The economy is sure to be a key battleground in May’s election, and there is plenty of evidence to suggest it is on the right track.
Figures released today show the employment rate (73.3 per cent) is now the highest since records began.
There are now 30.94m people in work, an increase of 617,000 over the last 12 months, while the jobless total is 1.86m, the lowest since mid-2008 and almost half a million down on a year ago.
Earnings growth slowed slightly last month, but real wages are still growing strongly, helped by record low inflation.

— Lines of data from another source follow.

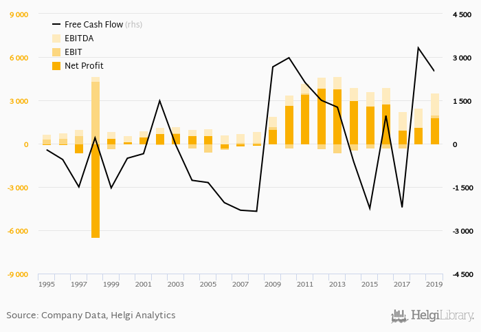 In the last five years, the company generated free cash flow of KRW 2,346 bil. That compares to a cumulative net profit of KRW 9,336 bil in the same period.
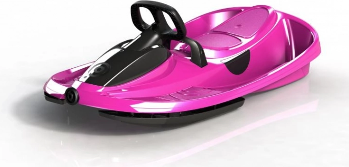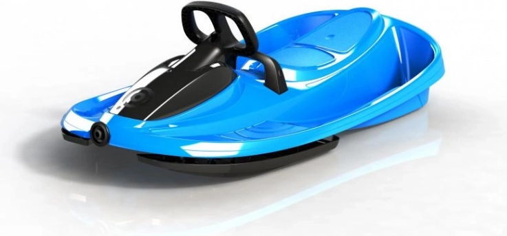 Sanie cu volan STRATOS - construcție unică și robustă; virarea cu diferențial mărește viteza în curbe deoarece fiecare schi se poate roti la un unghi diferit; mecanism automat de înfășurare pentru frânghia de tractare; două locuri; sarcină maximă 90 kg; frână masivă cu arc pentru revenirea în poziția inițială; fără elemente metalice, fără risc de coroziune; certificare de siguranță pentru copii.
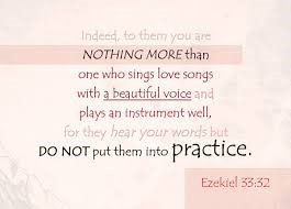 30-32 “As for you, son of man, you’ve become quite the talk of the town. Your people meet on street corners and in front of their houses and say, ‘Let’s go hear the latest news from God.’ They show up, as people tend to do, and sit in your company. They listen to you speak, but don’t do a thing you say. They flatter you with compliments, but all they care about is making money and getting ahead. To them you’re merely entertainment—a country singer of sad love songs, playing a guitar. They love to hear you talk, but nothing comes of it.
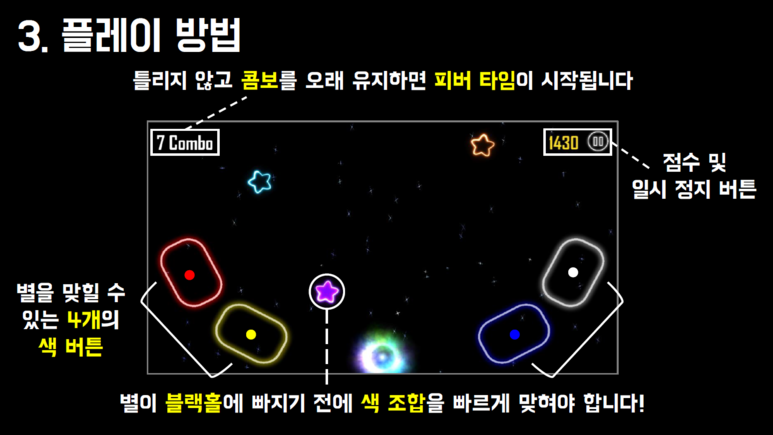 다양한 색의 조합을 빠르게 눌러 별들이 블랙홀에 빠지지 않도록 하세요
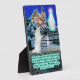 Beautiful 5 x 7 Eskie and Angel Scripture Plaque, with an easel, of a colourful, detailed winter scene with a soiled, homeless White American Eskimo Dog who is lost in a snowstorm. The dog is on bended knees and praying with paws together to a glorious Angelic Heavenly Being. She has a beautiful purple and white aura around her head and is at the entrance of a charming home. She has opened the iron gate for the lost dog and is welcoming the dog through the gate with outstretched hands. She has sanctified this home as the dog's new home by enveloping it with blue sparkles from Heaven. This scene accompanies the Bible verse Matthew 6:33, "But seek ye first the kingdom of God, and His righteousness; and all these things shall be added unto you." This plaque makes a wonderful gift or can be used to remind us of the Word of God.
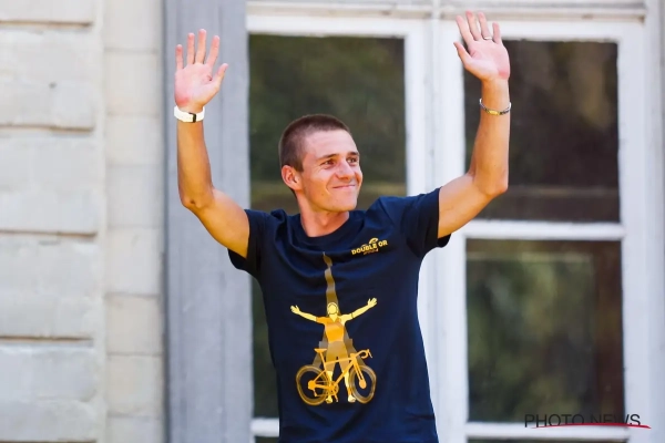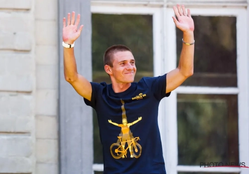 Naast zijn t-shirt kreeg hij ook een echte gouden fiets, maar die brak hij in stukken door tegen de portier van een Bpost-busje aan te knallen op training.
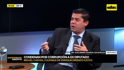 Este artículo tiene 2 años de antigüedad “Este posible vicio nosotros lo anunciamos, vaticinamos el error judicial que se venía. Que ellos se dediquen a sumar y restar y encontrar un nuevo monto viola el artículo 400″, expresó el abogado Guillermo Duarte Cacavelos. Un Tribunal de Sentencia condenó a cinco años de prisión al exparlamentario colorado Miguel Jorge Cuevas Ruiz Díaz por enriquecimiento ilícito. También ordenó el comiso de sus bienes por valor de G. 1.934 millones, monto que –de acuerdo con los cálculos resultantes de la pericia contable– es el saldo negativo que arroja el análisis del dinero que tenía el político.
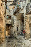 Saorge is een bergdorpje dat op het oog tegen de bergwand is opgebouwd. Het wordt verder getypeerd door smalle straatje en huizen die onderdoorgangen hebben en/of bruggetjes. Dit werk toont zo'n smal middeleeuws straatje waar al honderden jaren niets veranderd lijkt en waar je naar blijft kijken en jezelf verbazen. De straatlantaarn is typisch voor de bergdorpen in de Alpen-Maritiem.
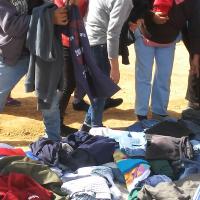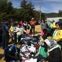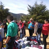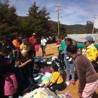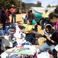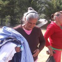 Al ver que ya toda la gente estaba reunida, esto con el apoyo del líder ejidal quien confirmo que ya todos estaban presentes, así como personas de las comunidades aledañas, comenzamos con la repartición, que es algo de lo más tardado; poco a poco cada uno de los habitantes comenzaba a tomar algo, y así uno por uno, entre niños, niñas, jóvenes, señoras y señores, fueron escogiendo algo de ropa, y hasta que todos tenían por lo menos 3 prendas, volvíamos a comenzar con otra ronda para que pasaran por mas ropa, y así sucesivamente hasta que se acabara toda la ropa, y hasta que la gente se retirara con lo suficiente para soportar un poco más este invierno.
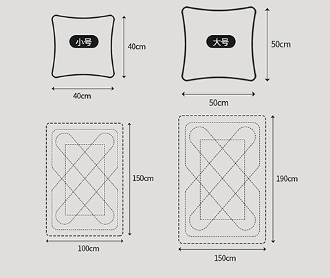 • 대형 베개 이불 펼쳐진 상태: 폭 1.5m * 길이 1.9m

Growth and borrowing projections
At 2.6 per cent, GDP growth in 2014 was strong compared to developed-world peers – as George Osborne pointed out, this is the fastest growth in the G7 (though the IMF forecast that we will be overtaken by the US this year).
Mr Osborne revealed today that the Office for Budget Responsibility has upgraded its projections for economic growth, and reduced its forecast for the budget deficit.
The OBR now projects GDP growth of 2.5 per cent this year (up from 2.4 per cent forecast in the Autumn statement) and 2.3 per cent next year (up from 2.2 per cent).
The chancellor was also keen to point out that the national debt is now falling as a share of GDP, one of his original targets at the start of this parliament.
However, cutting the deficit has proved far more difficult than originally expected.
The coalition once aimed to reduce the deficit to £40bn by 2015, but the latest figure is almost £100bn.
Measures announced today
Lower inflation and higher employment means less welfare spending, and lower inflation means significantly lower debt servicing costs.
However, George Osborne today (18 March) confirmed this extra money would go to reducing debt rather than pre-election giveaways.
However, it appears spending cuts in the next parliament under a Conservative government will be less severe than previously thought, and certainly significantly less than the £70bn predicted by shadow chancellor Ed Balls in a recent speech.
Spending is set to fall to year 2000 levels by 2019, countering Labour’s claim that Mr Osborne would cut spending to 1930s levels.
The biggest change in plans comes at the end of the next parliament, with a £7bn surplus forecast 2019 to 2020, as against the £23bn previously forecast.
This represents a significant loosening in the government’s purse strings at the end of the period.